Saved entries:
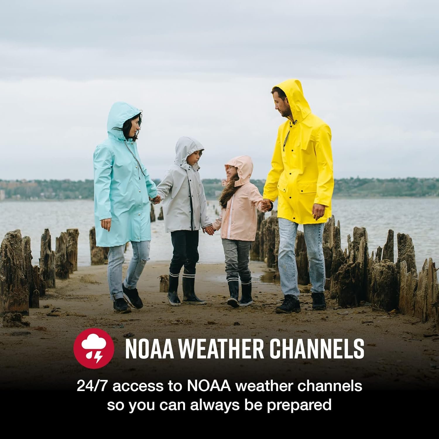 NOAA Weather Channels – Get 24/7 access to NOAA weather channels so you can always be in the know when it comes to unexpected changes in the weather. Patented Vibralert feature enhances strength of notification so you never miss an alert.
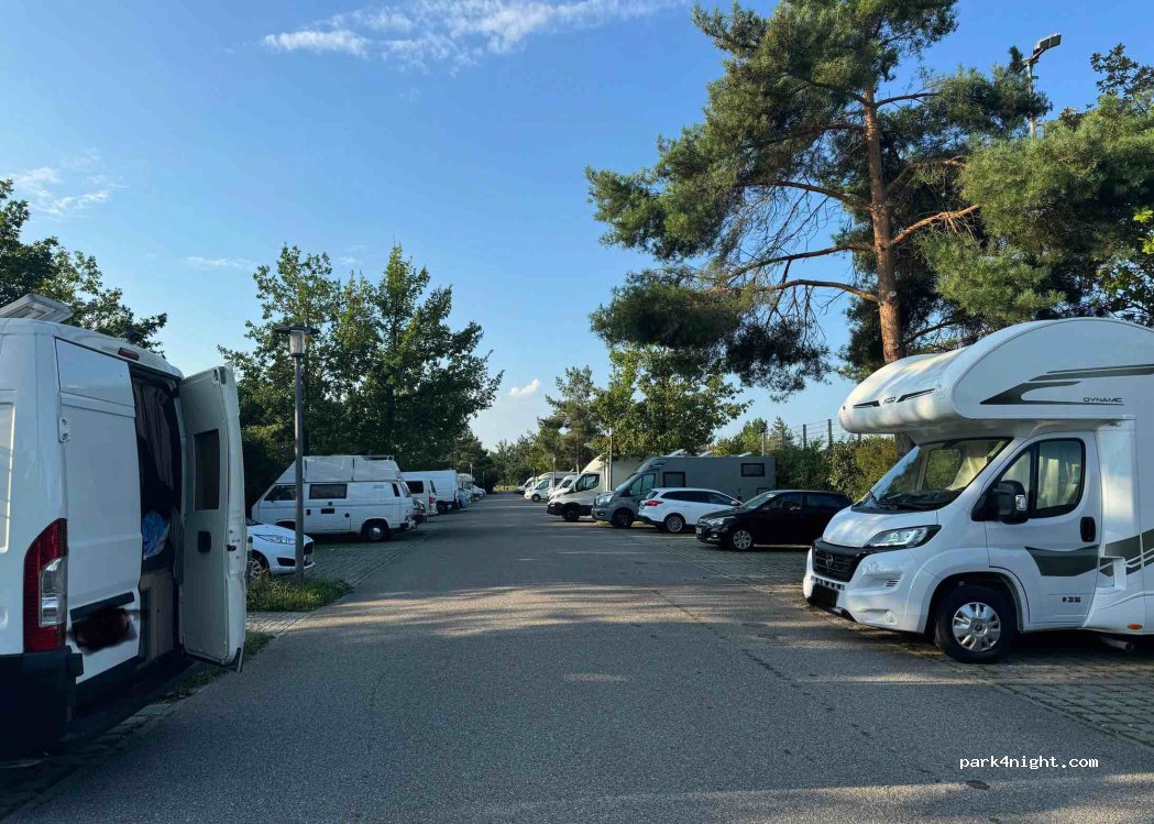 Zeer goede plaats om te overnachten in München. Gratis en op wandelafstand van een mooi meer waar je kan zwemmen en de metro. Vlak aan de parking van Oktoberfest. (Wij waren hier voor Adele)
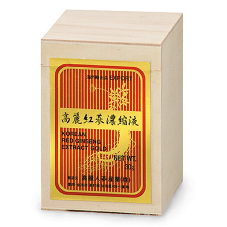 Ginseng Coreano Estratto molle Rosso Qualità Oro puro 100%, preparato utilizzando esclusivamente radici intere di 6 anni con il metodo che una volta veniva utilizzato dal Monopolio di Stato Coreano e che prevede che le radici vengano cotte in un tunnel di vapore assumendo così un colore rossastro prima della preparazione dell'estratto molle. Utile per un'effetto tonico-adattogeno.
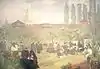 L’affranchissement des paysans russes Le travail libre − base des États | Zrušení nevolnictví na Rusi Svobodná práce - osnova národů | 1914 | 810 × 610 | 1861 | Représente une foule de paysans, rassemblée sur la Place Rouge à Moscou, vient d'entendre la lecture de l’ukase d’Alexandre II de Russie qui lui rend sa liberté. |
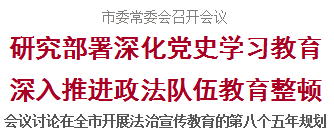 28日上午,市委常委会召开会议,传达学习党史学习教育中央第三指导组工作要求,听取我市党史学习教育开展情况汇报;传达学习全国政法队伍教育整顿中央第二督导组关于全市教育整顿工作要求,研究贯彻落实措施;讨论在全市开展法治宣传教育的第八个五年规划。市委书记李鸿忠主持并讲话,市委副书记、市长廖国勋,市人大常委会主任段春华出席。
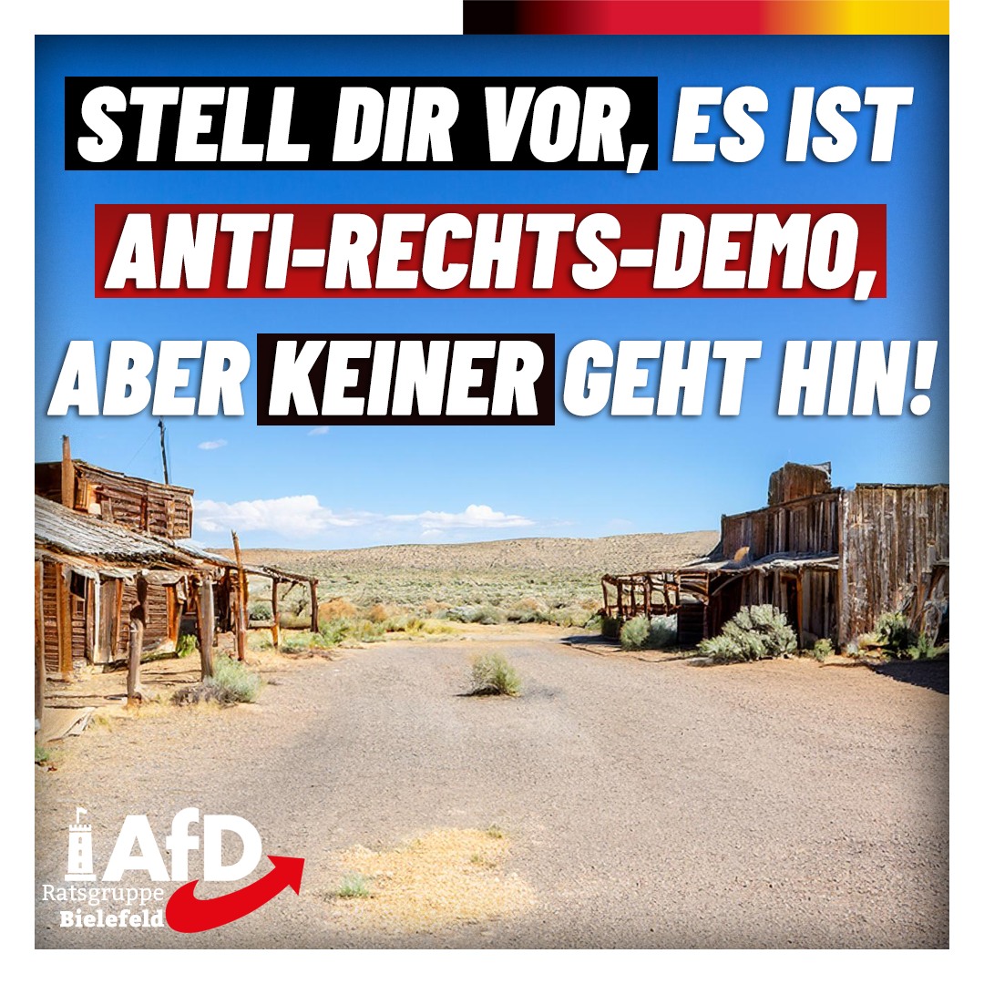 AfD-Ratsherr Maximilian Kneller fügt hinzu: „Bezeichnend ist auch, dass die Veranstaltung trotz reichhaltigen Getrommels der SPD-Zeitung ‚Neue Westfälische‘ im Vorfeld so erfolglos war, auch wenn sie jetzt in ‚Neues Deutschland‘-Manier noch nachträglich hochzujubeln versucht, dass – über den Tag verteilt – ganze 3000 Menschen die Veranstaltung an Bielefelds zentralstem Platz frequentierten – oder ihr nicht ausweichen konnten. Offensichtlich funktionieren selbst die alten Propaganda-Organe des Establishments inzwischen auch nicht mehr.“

*Problem description*. Skip every image and output the remaining records exactly.

*Worked solution*.
 NOAA Weather Channels – Get 24/7 access to NOAA weather channels so you can always be in the know when it comes to unexpected changes in the weather. Patented Vibralert feature enhances strength of notification so you never miss an alert.
 Zeer goede plaats om te overnachten in München. Gratis en op wandelafstand van een mooi meer waar je kan zwemmen en de metro. Vlak aan de parking van Oktoberfest. (Wij waren hier voor Adele)
 Ginseng Coreano Estratto molle Rosso Qualità Oro puro 100%, preparato utilizzando esclusivamente radici intere di 6 anni con il metodo che una volta veniva utilizzato dal Monopolio di Stato Coreano e che prevede che le radici vengano cotte in un tunnel di vapore assumendo così un colore rossastro prima della preparazione dell'estratto molle. Utile per un'effetto tonico-adattogeno.
 L’affranchissement des paysans russes Le travail libre − base des États | Zrušení nevolnictví na Rusi Svobodná práce - osnova národů | 1914 | 810 × 610 | 1861 | Représente une foule de paysans, rassemblée sur la Place Rouge à Moscou, vient d'entendre la lecture de l’ukase d’Alexandre II de Russie qui lui rend sa liberté. |
 28日上午,市委常委会召开会议,传达学习党史学习教育中央第三指导组工作要求,听取我市党史学习教育开展情况汇报;传达学习全国政法队伍教育整顿中央第二督导组关于全市教育整顿工作要求,研究贯彻落实措施;讨论在全市开展法治宣传教育的第八个五年规划。市委书记李鸿忠主持并讲话,市委副书记、市长廖国勋,市人大常委会主任段春华出席。
 AfD-Ratsherr Maximilian Kneller fügt hinzu: „Bezeichnend ist auch, dass die Veranstaltung trotz reichhaltigen Getrommels der SPD-Zeitung ‚Neue Westfälische‘ im Vorfeld so erfolglos war, auch wenn sie jetzt in ‚Neues Deutschland‘-Manier noch nachträglich hochzujubeln versucht, dass – über den Tag verteilt – ganze 3000 Menschen die Veranstaltung an Bielefelds zentralstem Platz frequentierten – oder ihr nicht ausweichen konnten. Offensichtlich funktionieren selbst die alten Propaganda-Organe des Establishments inzwischen auch nicht mehr.“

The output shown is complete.